Quando ela me narrou o fato, chorando, eu ainda disse que para a maioria apenas garotas novas estariam aptas ao serviço de recepcionistas, mas que após os 40 anos outros tipos de serviço certamente haveriam ali para ela. Então, ela balançou a cabeça negando; disse que já havia sido dispensada. Sentia-se um saco de lixo.

Fiquei desesperada com aquele preconceito, uma imensa falta de respeito com o ser humano. Velha? Feia? Como se mede um ser humano através de valores tão perecíveis? Como fica a honestidade, a força de vontade, o poder íntegro de trabalho dessa pessoa?

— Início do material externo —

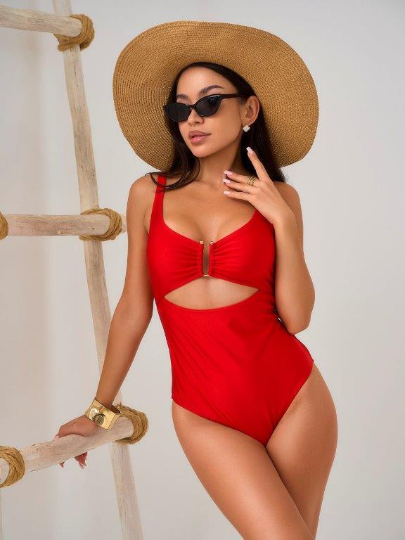 Слитный купальник на подкладе из эластичного полотна с мягкой формованной чашкой soft bra. Мягкая чашка с формованными съемными вкладышами. Без каркасов и без боковых корсетных вставок.Спереди декоративная металлическая вставка. Бретели несъемные и нерегулируемые. Без застежки. Тонкие резинки, подгиб и плоский шов по срезу ножек
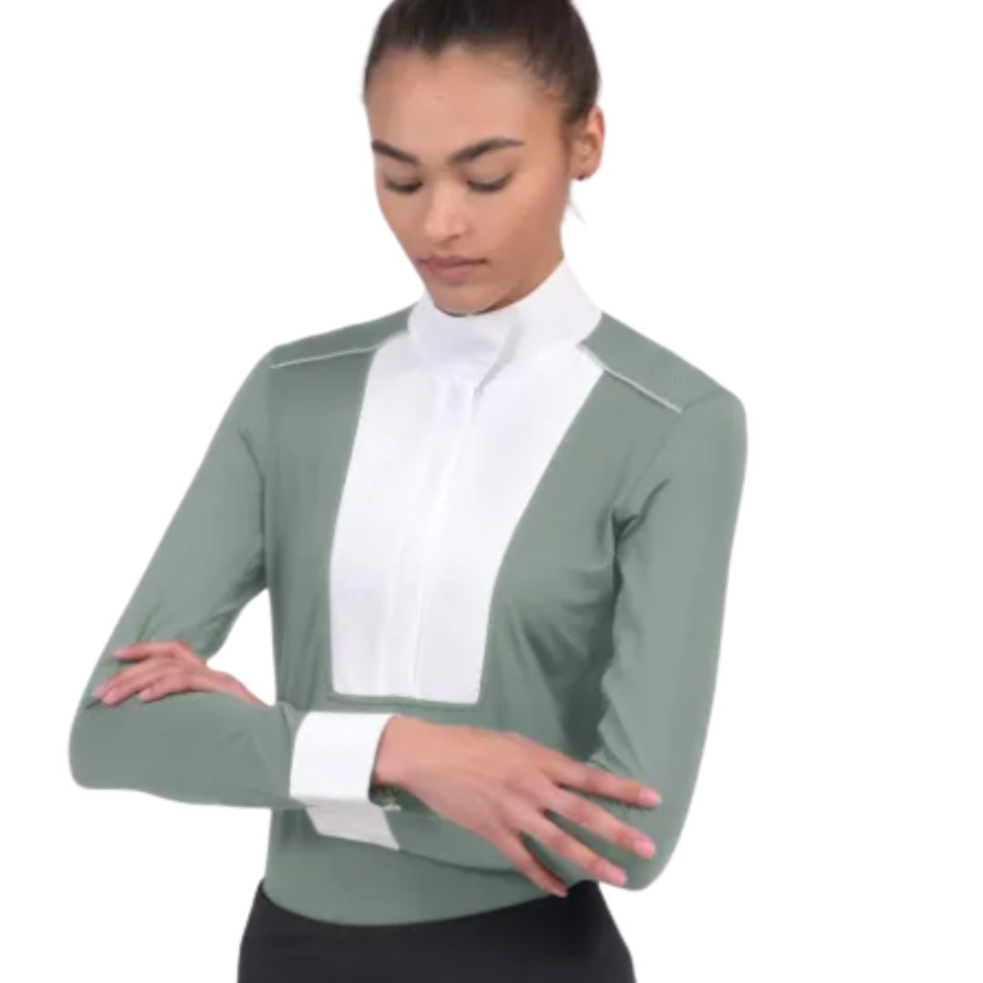 You asked for a SkyCool® Show Shirt and this shirt delivers. Made of the lightest weight fabircs to give you the lightest weight sun shirt ever. Feel the cooling comfort in warm, humid weather conditions by converting sweat into cooling energy so you stay dry and comfortable. SkyCool® fabric is xylitol infused fiber technology for cooling, moisture absorbtion, fast drying, 2-way air circulation and 50+ UV protection. 4-way stretch flat weave fabric offers more stretch and superior comfort. Classic white poplin bib, collar and cuffs lined with unique Liberty® London prints, mesh shoulders, sides and underside sleeve inserts add additional cooling airflow. Pull-over style shirt features a hidden low profile YKK zipper placket and no-show collar and cuff snaps for a polished show look, stock tie loop, shirttail hem and a tailored show fit.

Ela chorava... falei que certamente ele não merecia ter alguém tão sensível por perto. Mostrara-se um ser duro, mal-educado, prepotente. Que ficasse com os que tivessem afinidade com ele.

Chega o dia da despedida. Chorosa, é, no entanto, surpreendida por uma bela festa! Os funcionários que ficaram, e os clientes, se reuniram para proporcionar um momento mágico à Geny.

Tortas, docinhos, salgados, dezenas de bolas coloridas, músicas alegres... Entregamos a ela três lindos presentes: um vestido bem jovial, um estojo de maquiagem e um bom livro para que sua auto-estima não degringolasse diante do ocorrido. Ela recebeu muitos abraços, pôde sentir o quanto era querida. Afagamos o seu ego, dizendo que ela era jovem, sim, e bela!

Assim, sentiu-se amada. Sorriu e falou que partiria para outra! Não seria isso que faria com que desistisse de seus planos de ser feliz.

Aos cinqüenta anos, em pleno potencial, Geny fora dispensada porque para o novo patrão era velha e feia.

Pergunto: aonde chegaremos com os valores humanos sendo avaliados dessa forma?